● **What to work on**: Once you find the line with "NIVEA Repara y Cuida crema" in the data below, transcribe exactly each line from there to the line with "Türkiye ile Özbekistan", inclusive, and nothing else. Drop the pictures.

● **Extracted material**:
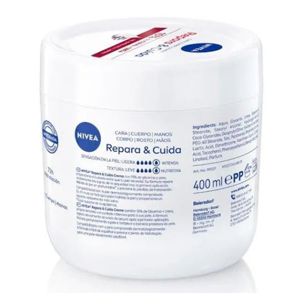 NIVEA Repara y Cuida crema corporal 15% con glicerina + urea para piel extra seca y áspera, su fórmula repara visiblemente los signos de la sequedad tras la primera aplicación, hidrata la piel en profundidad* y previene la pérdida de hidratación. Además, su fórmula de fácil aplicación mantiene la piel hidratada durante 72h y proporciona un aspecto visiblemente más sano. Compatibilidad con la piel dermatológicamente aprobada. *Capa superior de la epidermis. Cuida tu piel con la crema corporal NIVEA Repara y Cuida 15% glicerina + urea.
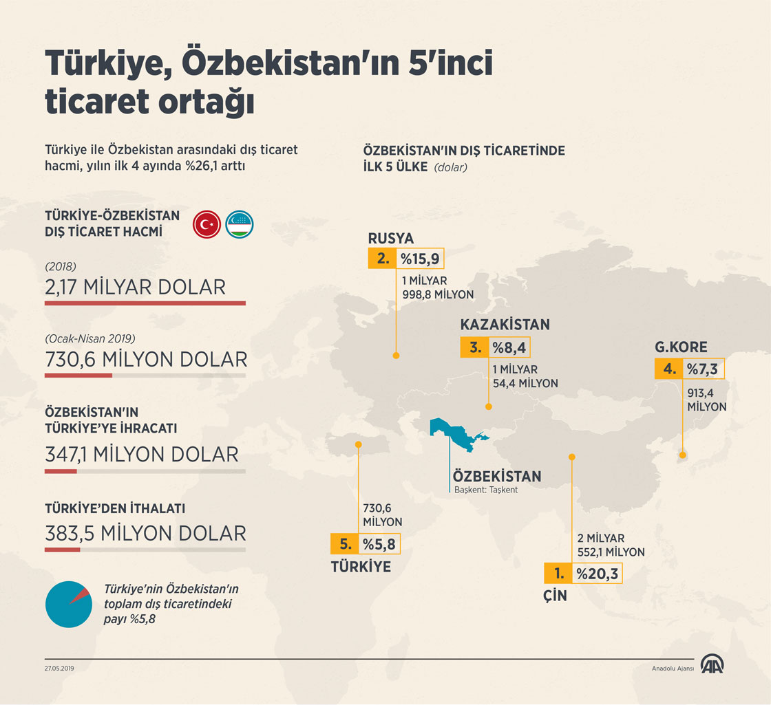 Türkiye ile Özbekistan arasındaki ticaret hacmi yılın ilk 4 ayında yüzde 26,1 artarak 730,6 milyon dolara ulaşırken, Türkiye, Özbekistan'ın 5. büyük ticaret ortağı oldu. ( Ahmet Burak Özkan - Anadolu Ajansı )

* * *

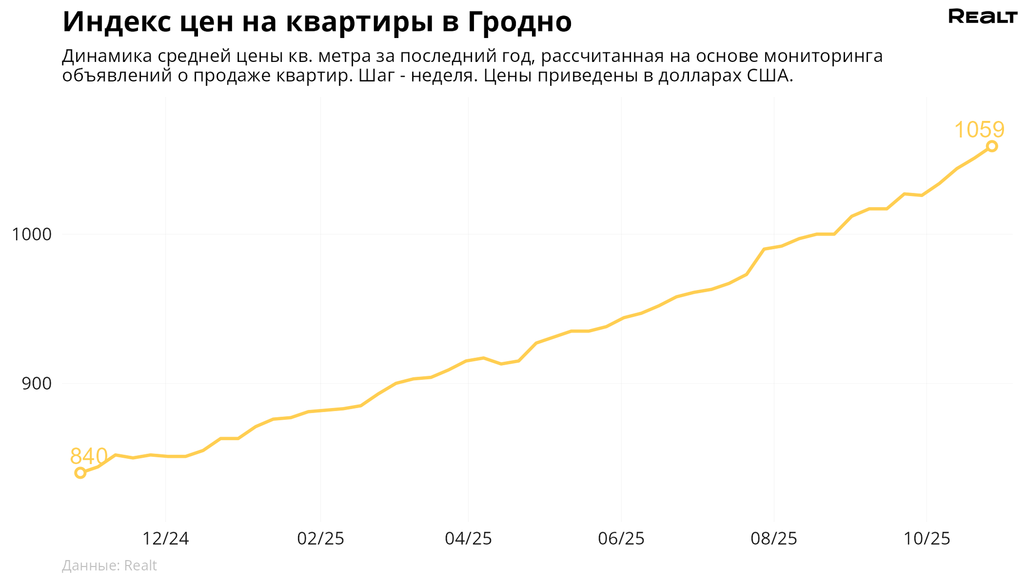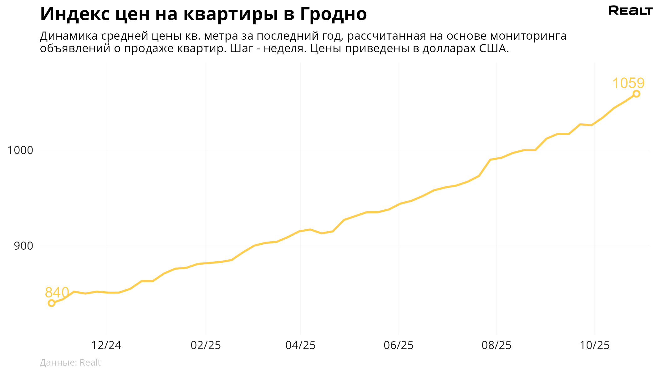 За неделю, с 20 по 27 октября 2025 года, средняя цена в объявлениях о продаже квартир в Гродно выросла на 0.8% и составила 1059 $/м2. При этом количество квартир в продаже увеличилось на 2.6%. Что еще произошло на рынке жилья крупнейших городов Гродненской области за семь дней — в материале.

---

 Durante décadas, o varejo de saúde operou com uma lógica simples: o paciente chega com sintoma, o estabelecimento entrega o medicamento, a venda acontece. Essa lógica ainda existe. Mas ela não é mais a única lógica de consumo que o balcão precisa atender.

● **Written solution**:
 NIVEA Repara y Cuida crema corporal 15% con glicerina + urea para piel extra seca y áspera, su fórmula repara visiblemente los signos de la sequedad tras la primera aplicación, hidrata la piel en profundidad* y previene la pérdida de hidratación. Además, su fórmula de fácil aplicación mantiene la piel hidratada durante 72h y proporciona un aspecto visiblemente más sano. Compatibilidad con la piel dermatológicamente aprobada. *Capa superior de la epidermis. Cuida tu piel con la crema corporal NIVEA Repara y Cuida 15% glicerina + urea.
 Türkiye ile Özbekistan arasındaki ticaret hacmi yılın ilk 4 ayında yüzde 26,1 artarak 730,6 milyon dolara ulaşırken, Türkiye, Özbekistan'ın 5. büyük ticaret ortağı oldu. ( Ahmet Burak Özkan - Anadolu Ajansı )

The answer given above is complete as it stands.